The Emmett O’Brien Technical School showcases women in manufacturing. | So Good News


Teacher Steve Orloski poses with some records of the 32 female students currently enrolled in the Precision Mechanical Technology program at Emmett O’Brien Technical School in Ansonia. Steve Bigham Republican-American

By Steve Bigham Republican-American

ANSONIA — Emmett O’Brien Technical School on Oct. 28; Tuesday In honor of National Manufacturing Month, several prominent women in manufacturing were invited to meet the 32 female students participating in the school’s precision mechanical technology program.

“This is an event that celebrates women in the manufacturing sector and welcomes all the achievements and opportunities available to all students out there,” said department head Steve Orloski. “Manufacturing is no longer a field for men. Women are also involved and they are doing a great job.”

Orloski said his classes are currently split almost 50-50 between boys and girls, and 90% of female students are already on career tracks. 32 female students is an all-time program high.

Among the speakers were Schwerdtle Inc. of Bridgeport; Kathy Saint, CEO of Jill Meyer, CEO of Bead Manufacturing of Milford, and Marcy Minnick, CEO of Exello Tool of Milford.

Marcy Minnick, CEO of Milford’s Exello Tool, told the female students that if they quit, a breakthrough in the manufacturing world awaits them. Steve Bigham Republican-American

He spoke on various manufacturing topics, saying that women have as many opportunities as men in various fields of production, and that they can create their own success story with fictions of success even if it means failure. A few times along the way

In the event, quality control, Three female alumni who have gone on to solid careers in manufacturing, including junior engineering and CNC programming, also participated. Lydianna Vega of New Haven said she was proud to see so many girls in the program. When I graduated in 2008, there were only six in total.

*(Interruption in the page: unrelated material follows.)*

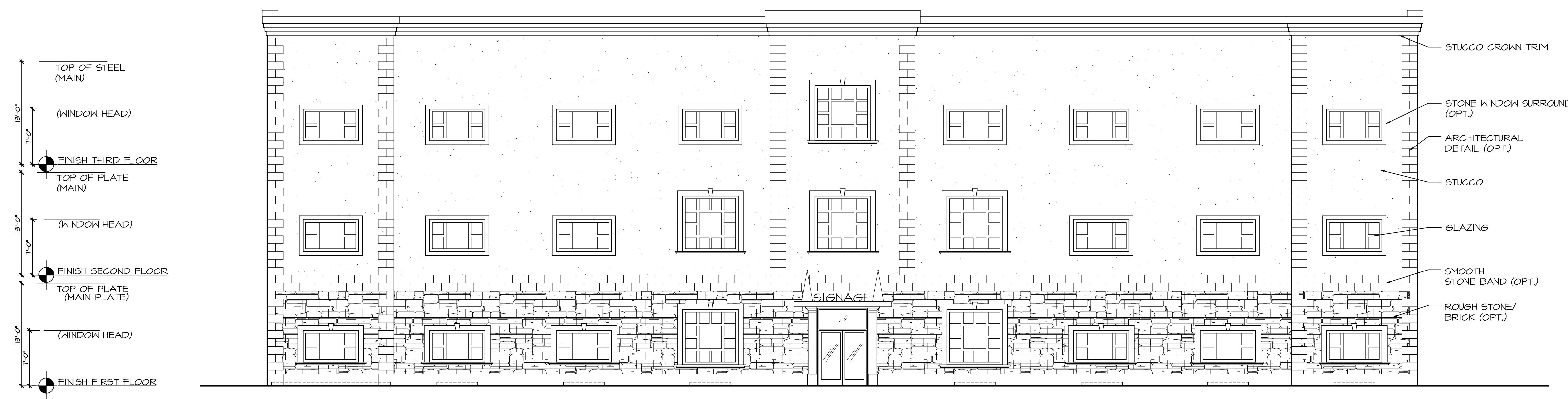
4 NORTH ELEVATION A4.4D SCALE: 1/8" = 1'-0"

Orloski said many of the baby boomers in their 60s and 70s are now retiring machinery and equipment, and 30-year-olds in this job. Orloski said there were only a few people between 40 and 50. And with manufacturing returning to America, Orloski said jobs are there to take.

Orloski said his juniors and seniors all have their jobs lined up.

“We have a huge gap to fill,” Orloski said. “All you have to do now is learn.”

Machine shops at O’Brien Tech have closed over the years because production slowed or went overseas, school officials said.

Those days are long gone, replaced by machine shops like O’Brien Tech, which gets $2.5 million worth of high-tech computing equipment for students to train on and another $800,000 in orders.